With Texas' entirely illegitimate and unsatisfying win over Nebraska booking them a spot in the BCS national championship, the bowls' at-large selections will proceed as follows in tonight's Selection Special on Fox.
Alabama and Texas will be selected to face each other in the Rose Bowl on Jan. 7, 2010. Because Alabama will be selected first, the Sugar Bowl, to which the SEC winner is an automatic bid, will get the first at-large selection. Barring some unforeseen act of God, they will select the Florida Gators.
The next selection will go to the Fiesta Bowl, to which the Big 12 typically sends its runner-up. Because no other Big 12 team is in the running, this is where the selecting will get interesting.

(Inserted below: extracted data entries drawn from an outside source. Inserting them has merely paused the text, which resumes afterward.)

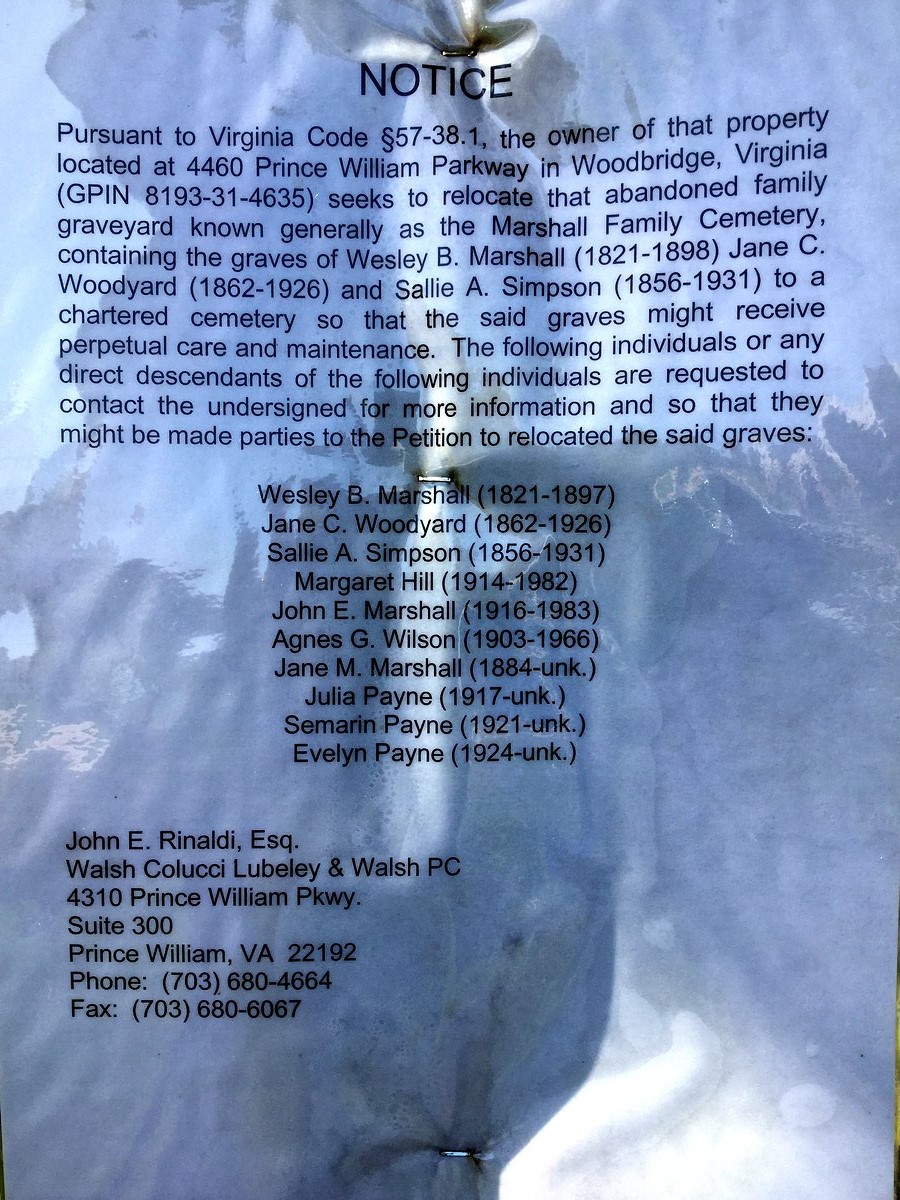 | Surnames Listed on Markers: | Wesley B. Marshall 1821 – 1898 Jane C. Woodyard 1862 – 1926 (daughter of Wesley) Sallie A. Simpson 1856 – 1931 (daughter of Wesley) |
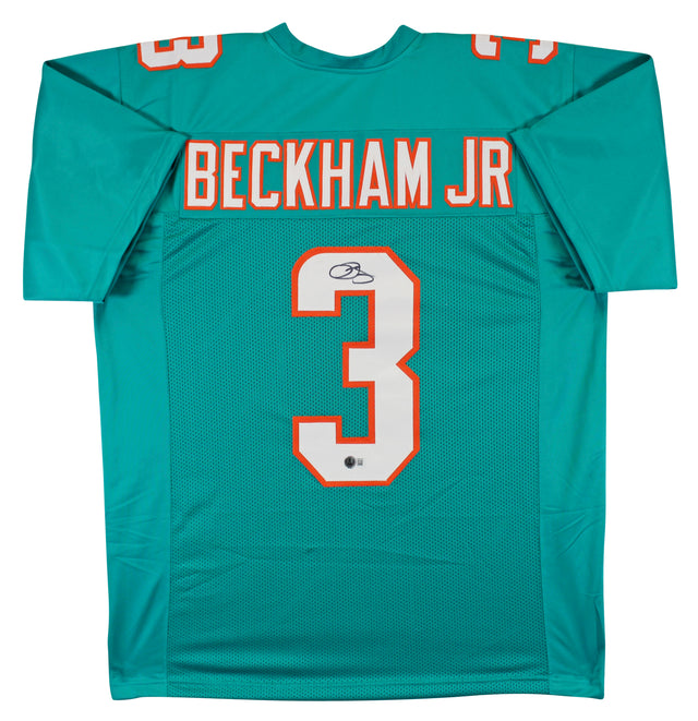 Own a piece of NFL history with this Autographed Teal Pro Style Jersey, personally signed by Odell Beckham Jr. of the Miami Dolphins. This collector's item is a must-have for fans and memorabilia enthusiasts, offering both authenticity and sports legacy in one exclusive piece.
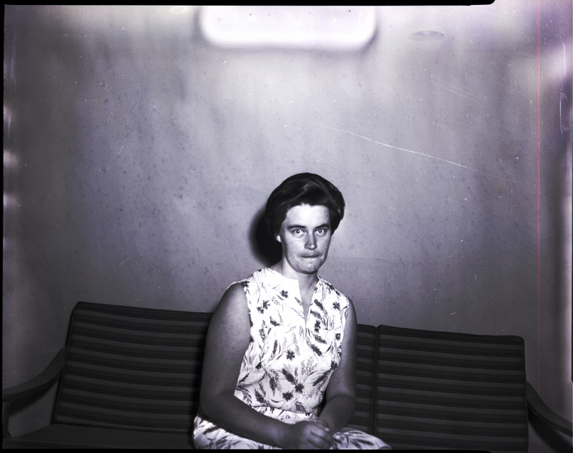 - Mrs. Robert Van Wormer, president of the Twin Falls Epsilon Sigma Alpha Alpha Beta Chapter, sits on a couch. She is wearing a floral print sleeveless dress.
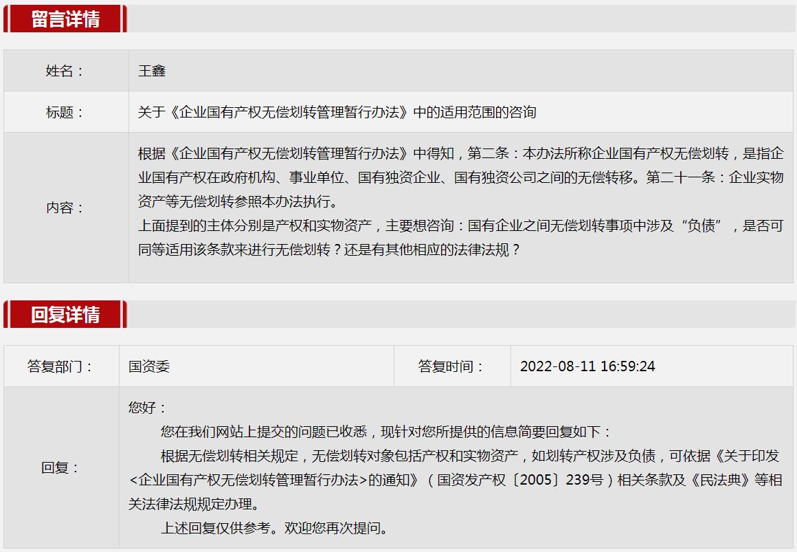 2022年8月国资委网站政务咨询栏目部分网友提出的咨询,我们初步做出了认真的回应,现选择五条关注度高、点击量高的问题,再次推荐分享。

For most of the week, the Fiesta appeared to belong to the Big Ten. The legitimate selection was Iowa: wins over better opponents, closer losses in head-to-head matchups, and a better out-of-conference schedule than the Penn State Nittany Lions. There was also the news that a diaspora of Iowans currently resides in Phoenix, guaranteeing a easy sellout from the Hawkeye fanbase.

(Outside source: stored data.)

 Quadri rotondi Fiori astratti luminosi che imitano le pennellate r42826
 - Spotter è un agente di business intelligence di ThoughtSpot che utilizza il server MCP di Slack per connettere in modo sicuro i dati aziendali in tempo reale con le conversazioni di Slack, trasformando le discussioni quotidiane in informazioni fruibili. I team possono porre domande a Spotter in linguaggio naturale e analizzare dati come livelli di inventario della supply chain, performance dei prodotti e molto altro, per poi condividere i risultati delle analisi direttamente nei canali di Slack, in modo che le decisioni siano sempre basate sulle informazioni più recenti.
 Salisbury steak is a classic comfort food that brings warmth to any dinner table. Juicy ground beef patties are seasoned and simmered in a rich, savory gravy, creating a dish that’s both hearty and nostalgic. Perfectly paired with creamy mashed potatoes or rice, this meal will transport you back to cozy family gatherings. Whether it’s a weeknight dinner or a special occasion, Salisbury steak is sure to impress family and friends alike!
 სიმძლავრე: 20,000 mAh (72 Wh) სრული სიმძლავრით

But college football is a linear game, and the Big Ten might have gotten left behind after an awesome weekend of college football. The Fiesta had to love Cincinnati's come-from-way-behind win. Boise completed another perfect regular season, and they have a history of making the Fiesta exciting.
In an ideal world, maybe the Fiesta really raises some cain by taking Nebraska's outstanding defensive effort against UT as grounds to invite the Cornhuskers to Phoenix.

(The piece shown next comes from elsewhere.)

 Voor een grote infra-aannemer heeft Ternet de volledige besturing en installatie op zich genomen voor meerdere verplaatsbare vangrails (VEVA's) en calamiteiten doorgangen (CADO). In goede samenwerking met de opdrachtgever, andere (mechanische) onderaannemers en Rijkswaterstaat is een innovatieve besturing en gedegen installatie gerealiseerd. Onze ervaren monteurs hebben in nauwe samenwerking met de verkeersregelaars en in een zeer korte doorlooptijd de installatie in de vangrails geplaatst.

Maybe, but don't count on it—the selection rules don't allow taking teams that aren't ranked in the top 14.
Instead, the latest projected matchup in the Fiesta Bowl is between unbeaten TCU and unbeaten Boise State . That's right, the two BCS busters will bust...each other.
This is an awful, awful idea. The pitch is an alternative-reality national championship between two unbeatens, but in this reality, such a game defeats the entire purpose of the bust: to pit the teams from the "other" conferences against the big boys and see if they stack up.
Floating such an idea might not be the Fiesta's fault. In fact, the selection process might actually be forcing the Fiesta to test the waters for any sign of positivity towards a TCU-Boise matchup.
Follow me here: assume that the Fiesta selects TCU with the first at-large pick. Then, the Orange Bowl will select a Big Ten team with the next pick to face Georgia Tech (probably Penn State, considering the Nittany Lions' relatively solid ratings in the 2006 Orange Bowl game against Florida State).
The Sugar Bowl will then select unbeaten Cincinnati to face Florida in a true David and Goliath story, leaving the Fiesta Bowl with no choice but to take Boise State with the final at-large pick.
But nobody puts the Fiesta Bowl in a corner. They are the lynchpin of the bowl picture; they control its fate. They will likely preempt the TCU-Boise possibility by taking a Big Ten team, thereby preventing what amounts to an unwatchable matchup that already played out in last year's Poinsettia Bowl, a game I imagine very few of us remember.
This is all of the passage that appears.